Gillett, seeing that Gehring was wearing a “tennis” shirt, decided he’d take the lead.
“I said, ‘Hey, I bet I could beat you in tennis,’” Gillett explained Wednesday, in the middle of state tourney net practice.
What Gillett, who’s headed to William and Mary to play football, a slot tight end, he’s been told, didn’t know about Gehring was that, only last year, playing for Okmulgee, the first-year Tiger had finished second in the Class 4A No. 1 singles draw.
What Gehring didn’t know about Gillett was that he knew anything about tennis, but, “Tennis was my main sport growing up,” Gillett said.
Gehring won, barely, 7-6.
With that, Gillett had an entirely new appreciation for the new kid on the block. Also, Gehring came to understand that, holy cow, the almost 250-pound lineman football player knew his way around a tennis court.
“That’s exactly how it went,” Gehring said.
It’s a great story, made all the better because today begins Gillett’s and Gehring’s run at the Class 6A state tennis tournament at Will Rogers Tennis Center in Oklahoma City.
Playing in a double-tough regional at Bixby on Tuesday, the tandem, according to coach Kelly Stout, “ …they opened my eyes.”

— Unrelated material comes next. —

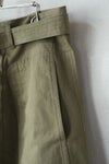 ダーツと接ぎ部分による、立体的なパターンが印象的な人気のデザイン。 裾にかけて緩やかに細くなるコクーンシルエットです。 長めのバックル付きベルトがポイント。 ウエストサイズが大きい場合、 ベルトで調整していただけます。両脇ポケットあり、裏地なし。

“They had Jenks cracking their racquets on the ground. (The Jenks) coach had them doing push-ups, as they were throwing their racquets. It was a great match. It was fun to watch.”
Jenks won the match, but the Tigers had made their point. Also, Stout sees the Trojan team is a likely No. 3 seed and he sees Gillett and Gehring as right there with them. Indeed, though it may not be probable, he thinks his team has “a shot to actually win it.”
“They’re improving,” Stout said, “practically each day.”
Gehring’s still the more accomplished player and, even Gillett admits, when they play singles now, Gehring tends to win 6-2 or 6-3. But they’ve become fast and best friends and, having just become doubles partner in the last few weeks, they can feel how much better they’re getting together.
“If we come out, if we can get a pretty good roll going, we don’t lose many games,” Gillett said. “If we can just get on a roll, I think we can win it all.”
Recently, the duo received a few pointers from former Sooner coaches Paul Lockwood and Mark Johnson. That opened their eyes to increased on-court communication and a little more thoughtfulness about strategy.
They’ve always been well suited as partners.
“(Max) would have placed in two singles. He is no slouch up there by any means. His net play, he kind of makes a difference,” Stout said. “Russ is good at the net, but Max is intimidating. So you have Russ behind him, setting him up, and Max picking them off.”
Gehring likes their chances.
“I think if we just stay focused and just play our tennis and don’t get involved in all the mind games tennis can play on you and just play every point as a new point … I think our best tennis is ahead of us.”
They have anywhere from two to five matches today and Saturday to prove it.